- Team 26: RegressionIsAllYouNeed
- Team member
- 資料科學碩一 李姵徵
- 資工AI碩一 柳宇澤
- 資工AI碩一 林聖硯 Sheng-Yen Lin
- 網媒所碩一 何俞彥
Hahow is a Taiwanese online learning platform where you can purchase several courses that can help you build your future career skills. In this competition, we aim to use the historical purchase data of the website's members to predict which courses and course categories both current and new (cold-start) users are likely to buy.
- Oral presentation score: 9.7 / 10 (Ranked 1st among all 61 teams)
- Report score: 20.5 / 26 (average=19.35)
Kaggle rank (Public / Private)
Unseen Topic | Seen Topic | Unseen Course | Seen Course |
---|---|---|---|
23/21 | 26/33 | 28/26 | 37/36 |
We used various recommendation methods for predicting user future purchase, including naive methods, traditional statistical methods, and deep learning methods.
- Naive methods lack granularity but can serve as a baseline for comparison, while logistic regression performs well even with only user text information. initialized embeddings may be affected during updates for seen users.
- The logistic regression model performs well on all recommendation tasks and incorporating user and course/topic interactions into the model significantly improves performance
- For deep learning methods, using deeper aggregation layers improves performance for sparser datasets, and initializing user and item embedding with sentence-bert vector helps with recommendations for unseen users.

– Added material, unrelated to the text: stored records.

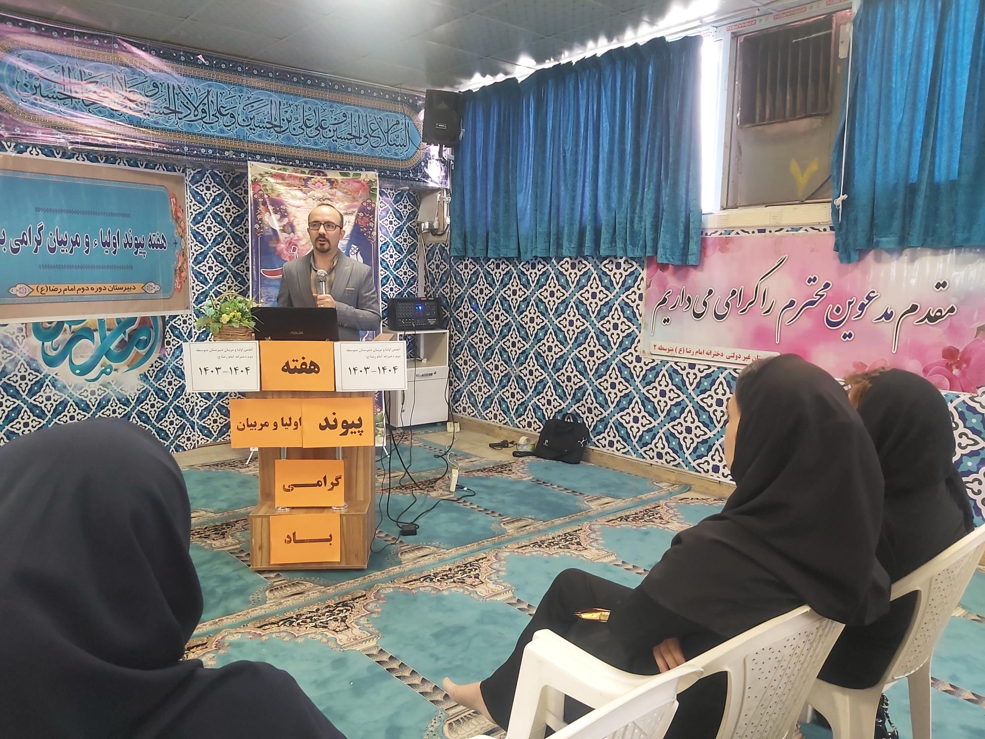 همزمان با هفته پیوند اولیا ومربیان جلسه عمومی انجمن اولیا ومربیان هر سه پایه دهم ،یازدهم ودوازدهم با حضور اولیا گرامی دانش آموزان بر گزار گردید .وسپس با صحبتهای کارشناس مشاورمحترم مجتمع ومدیریت محترم دبیرستان پیرامون مسائل درسی وتحصیل وغیره ..ادامه پیدا کرد.وسپس با رای گیری از بین اعضای داوطلب انجمن اولیا تعداد ۸ نفراز اولیا به عنوان اعضای منتخب انجمن با رای اولیای دانش آموزان عضو انجمن اولیا ومربیان گردیدند..
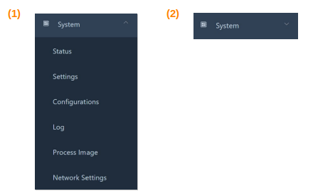 All these menu items contain submenus which can be expanded (1) or collapsed (2) by clicking on the respective menu item.
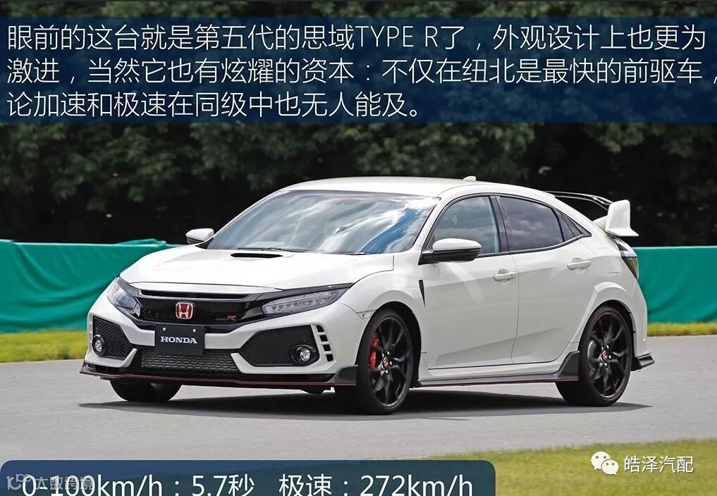 作为一款高性能车,全新思域TYPE R的性能表现自然是读者关注的重点。此前,官方已经宣布全新思域TYPE R以7分43秒80的成绩拿下了德国纽伯格林北环赛道的量产前驱车型圈速记录,而近期官方则公布了其0-100km/h加速成绩为5.7秒,这一数字与上一代思域TYPE R车型持平。另外,官方还公布了其最高车速为272km/h。
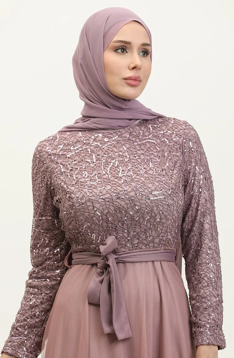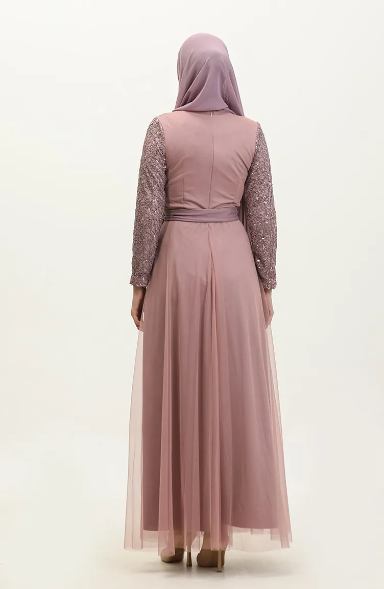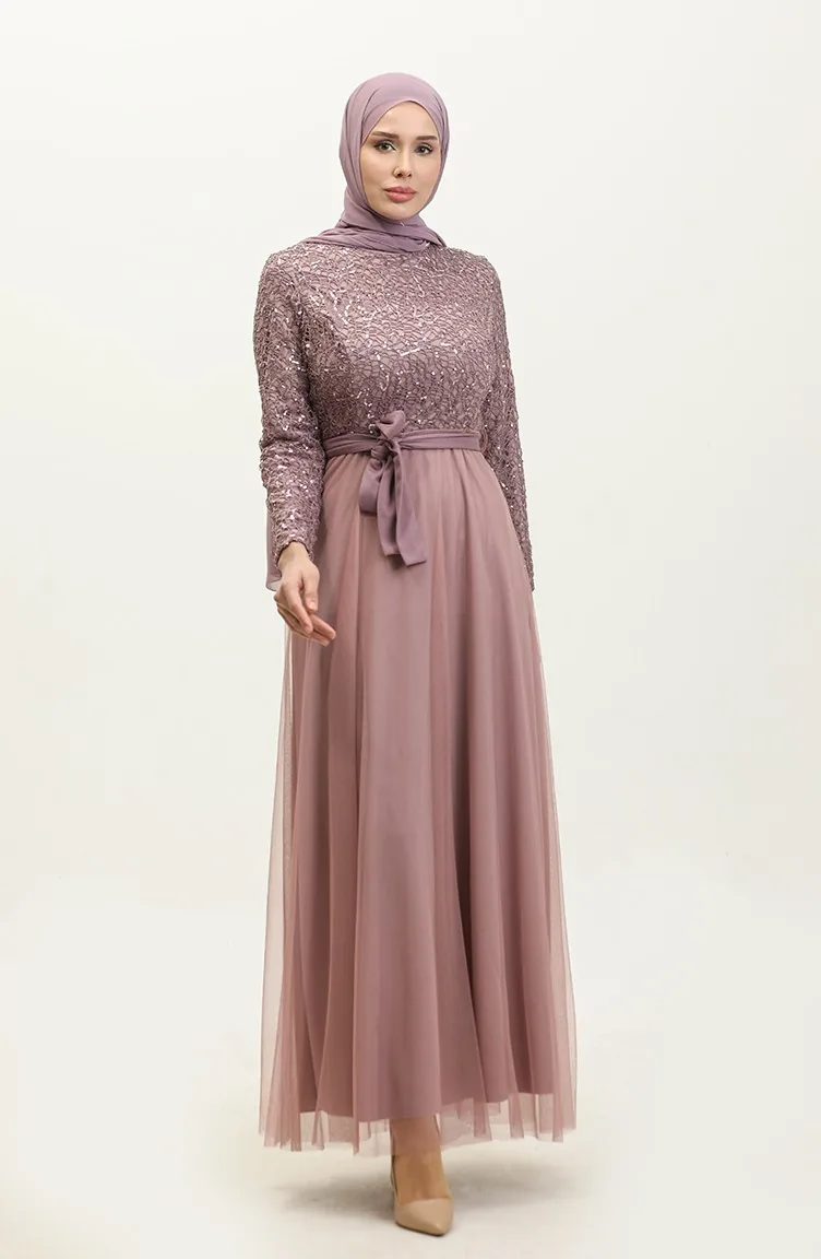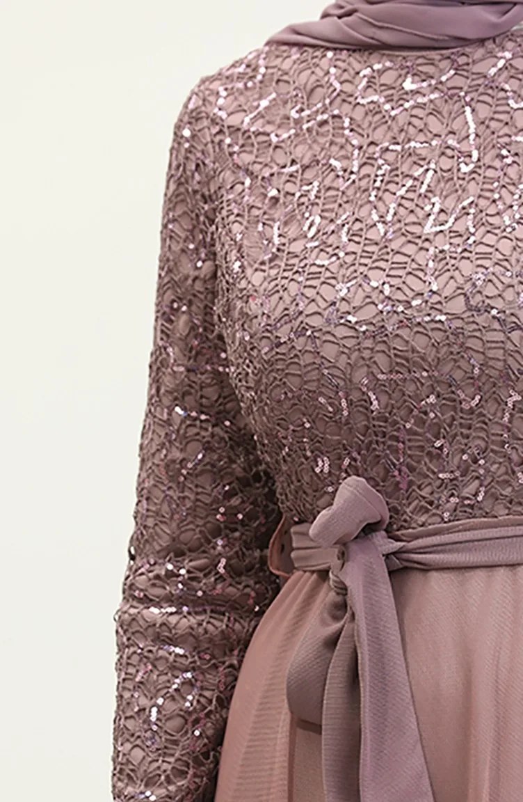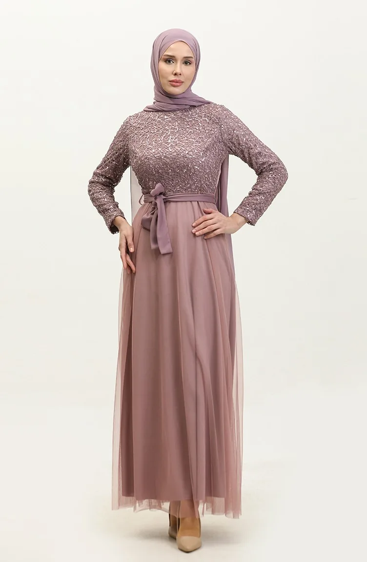 Avondjurk Met Kanten Riem 5353A-21 Lila Paars 5353A-21
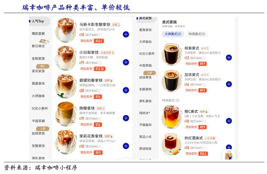 經典案例:根據瑞幸咖啡小程序、開源證券研究所等綜合資訊表明,瑞幸咖啡主要定位“平 價、創新、快取”,將我國現磨咖啡帶入低單價、創新品、輕環境的全新消費場景。在產品價格上瑞幸咖啡定位大眾化、親民化,大多數咖啡產品價格位于 10-20 元價格帶;同時產品類型豐富多樣,包括乳類拿鐵、茶飲咖啡、美式等多樣化產品,滿足消費者對高品質、多元化口味的需求。
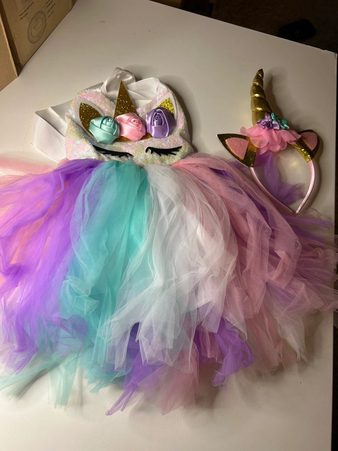 34Adorable unicorn dress with matching accessories. Includes a dress & headband only. Great for dress-up and imaginative play. Size 2T. New
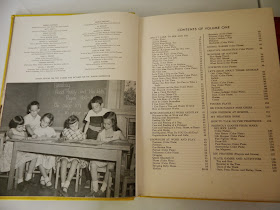 I am so drawn to this weird old book, but I cannot for the life of me figure out what the hell they were thinking. Is it for teachers? Parents? Preschoolers? Big kids? How in heaven's name were you supposed to use it? As an curriculum guidebook of sorts or were the kids just supposed to dig in by themselves and browse? So so weird. More than anything it reminds me of some crazy teacher's three-ring binder of Everything I Ever Thought Might Be Fun to Teach. Anyway, here are some photos of the more notable color illustrations in the books, although the majority of the pages are black-and-white:
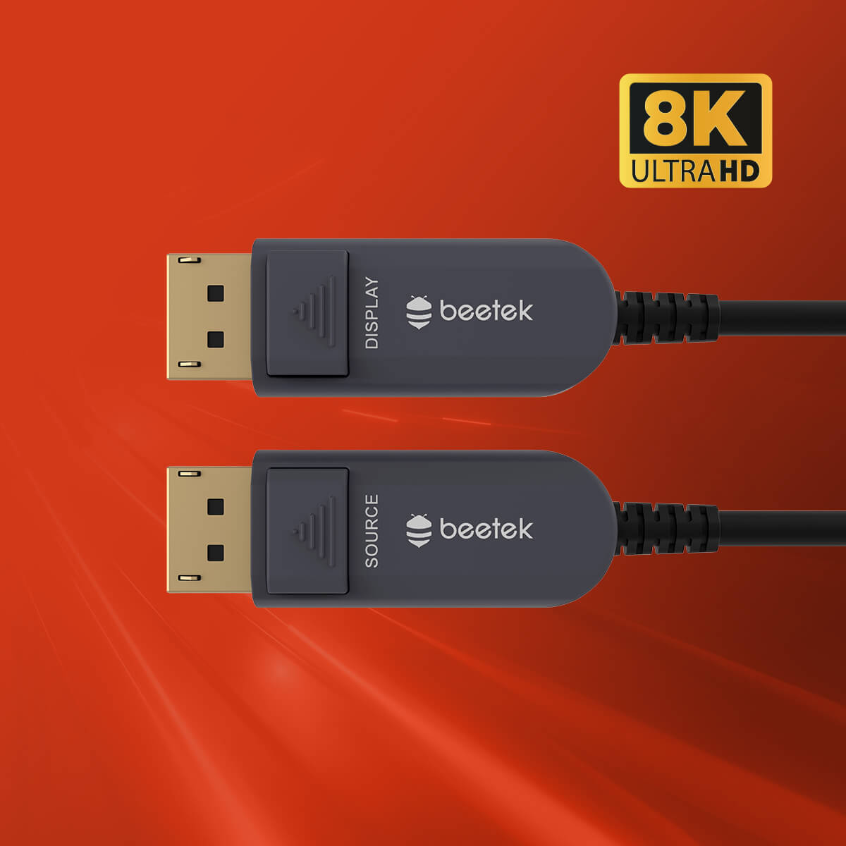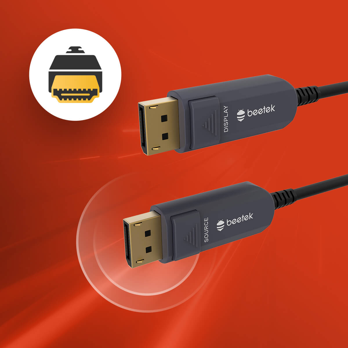 Beetek Photo electric Hybrid Non Threading cable supports Display Port signals at 8K@60 4:4:4 at 32.4 Gbps.The ADP 8K series products are designed for long distance DP signal transmission via fibre optic technology, OM3 fibre optic transmission with embedded optic engine technology achieves no delay and no compression. Transparent EDID passthrough from source to sink The product is suitable for Rental, Live Events, Residential and surveillance applications
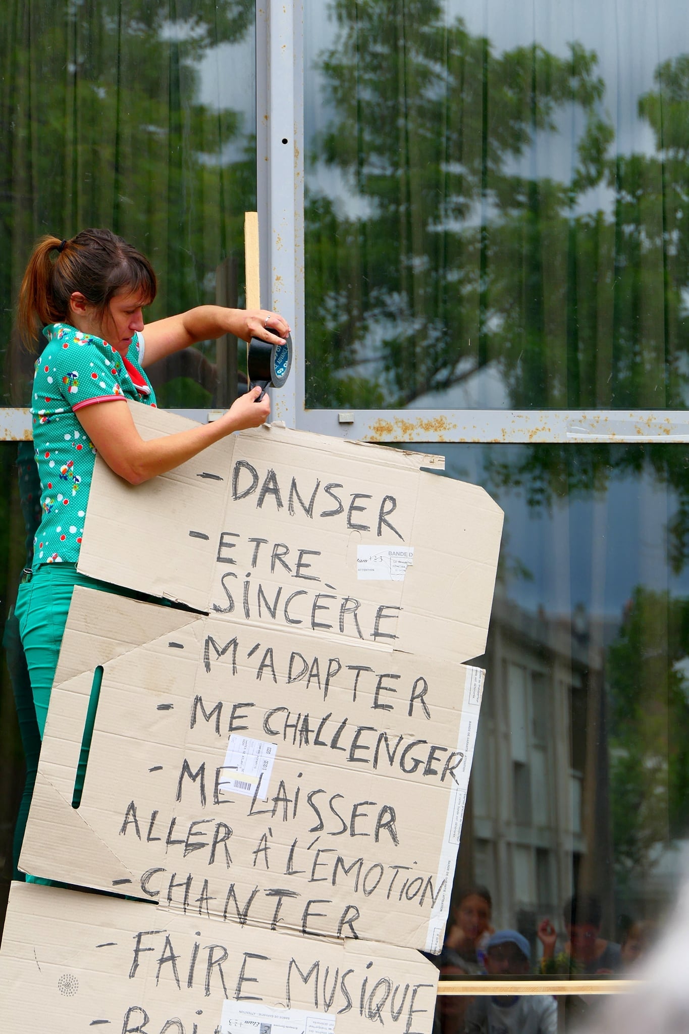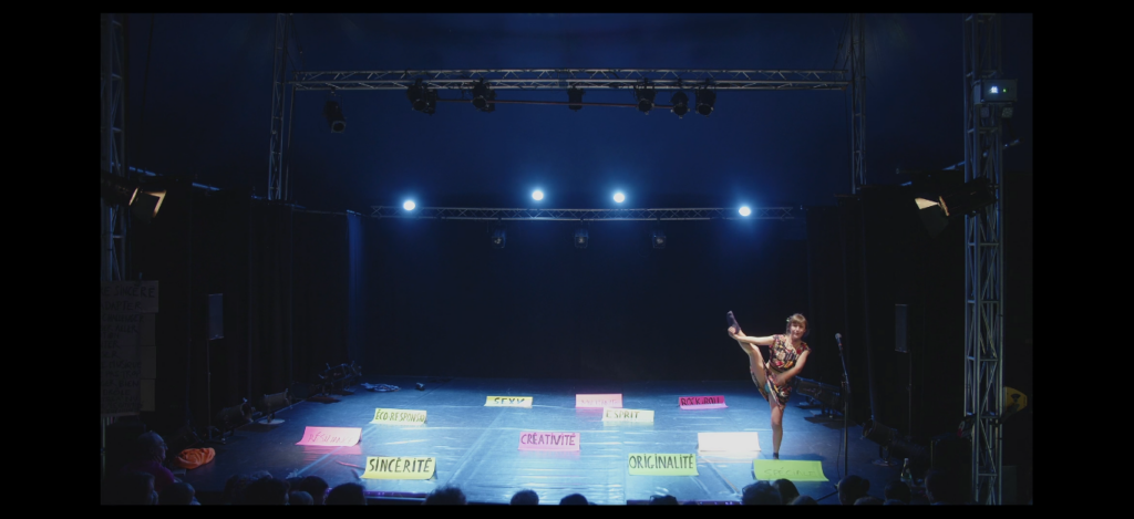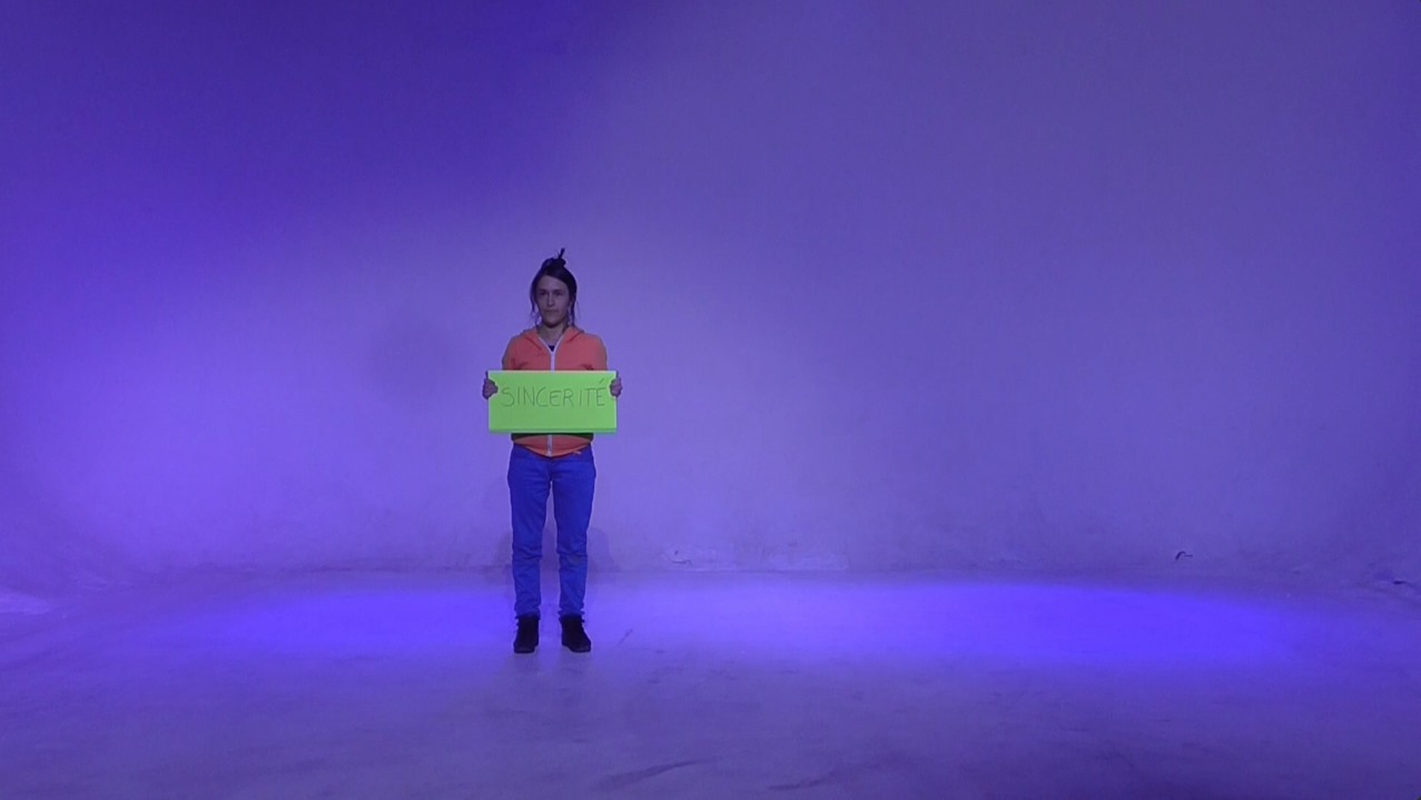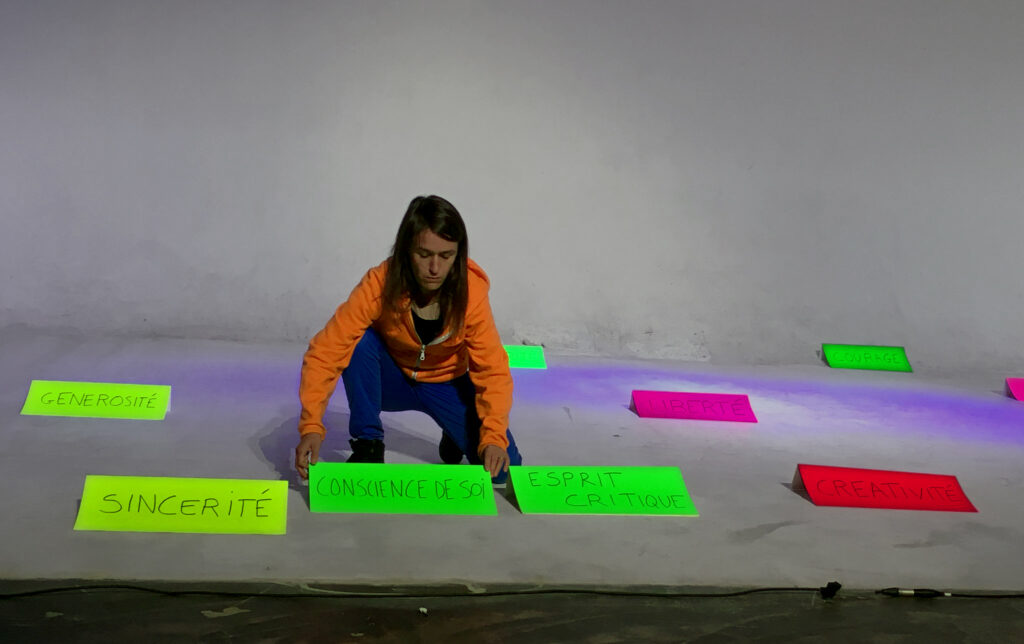 Puis, après avoir établi une liste beaucoup trop longue et ambitieuse de tâches qu’elle souhaite et promet d’accomplir pour mener à bien son entreprise de légitimisation, elle établit, en impliquant le public, une liste de critères et de valeurs auxquelles elle va tenter de se soumettre. Elle cherche ainsi à adapter son corps, sa pensée et son discours à cescases trop nombreuses et parfois paradoxales, en improvisation live devant les spectateur.ices : En 10 mn, elle va chercher à être sincère, éco responsable, sexy, généreuse, curieuse, gentille, dure, douce, courageuse, originale, etc etc.

However, initialized embeddings may be affected during updates for seen users.
- An ensemble method combining regression, ALS, and LightGCN improves overall performance.
Fr detailed experiment results, observations and our findings, please refer to report.pdf
, and our oral presentation.
Metric: public seen / unseen mapk@50
Models / Features | user-item | text info. | text info + user-item interaction |
---|---|---|---|
Hottest | 0.2085 / 0.1689 | - | - |
UIF | - | - | - |
MF | 0.0271 / 0.0238 | - | - |
ALS | 0.0790 | - | - |
Light GCN | 0.2706 / 0.0952 | - | 0.2289 / 0.2369 |
Logistic regression | 0.0006 / 0.0005 | 0.2717 / 0.2733 | 0.277 / 0.3104 |
Ensemble | 0.2812 / 0.2347 |
Metric: public seen / unseen mapk@50
Models / Features | user-item | text info. | text info + user-item interaction |
---|---|---|---|
Hottest | 0.0359 / 0.0501 | - | - |
UIF | 0.0363 / 0.0717 | - | - |
MF | 0.0373 / 0.0281 | - | - |
LMF | 0.0143 | - | - |
ALS | 0.0476 | - | - |
Light GCN | 0.03894 | - | 0.0372 / 0.0670 |
Logistic regression | 0.0389 / 0.0170 | 0.0465 / 0.0651 | 0.04664 / 0.09154 |
Ensemble | 0.05856 / 0.09173 |
conda env create -f env_logistic_regression.yml
conda env create -f env_lgn.yml
conda env create -f env_mf.yml
conda env create -f env_als.yml
bash log_reg_download.sh
bash lgn_download.sh
bash als_download.sh
ADL_FinalProject/
┣ ALS/
┣ LightGCN-PyTorch/
┣ MF/
┣ ensemble/
┣ hahow/
┣ logistic_regression/
┣ notebooks/
┣ prediction/
┣ utils/
┣ .gitignore
┣ README.md
┣ als.sh
┣ als_reproduce.sh
┣ ensemble.sh
┣ env_als.yml
┣ env_lgn.yml
┣ env_logistic_regression.yml
┣ env_mf.yml
┣ lg_onehot_reproduce.sh
┣ lgn.sh
┣ lgn_download.sh
┣ lgn_reproduce.sh
┣ log_reg_download.sh
┣ log_reg_reproduce.sh
┣ logistic_regression.sh
┗ mf_reproduce.sh
conda activate logistic_regression
bash ensemble.sh
kaggle competitions submit -c 2022-adl-final-hahow-unseen-user-topic-prediction -f ./prediction/log_reg_pred_unseen_topic.csv -m "Message"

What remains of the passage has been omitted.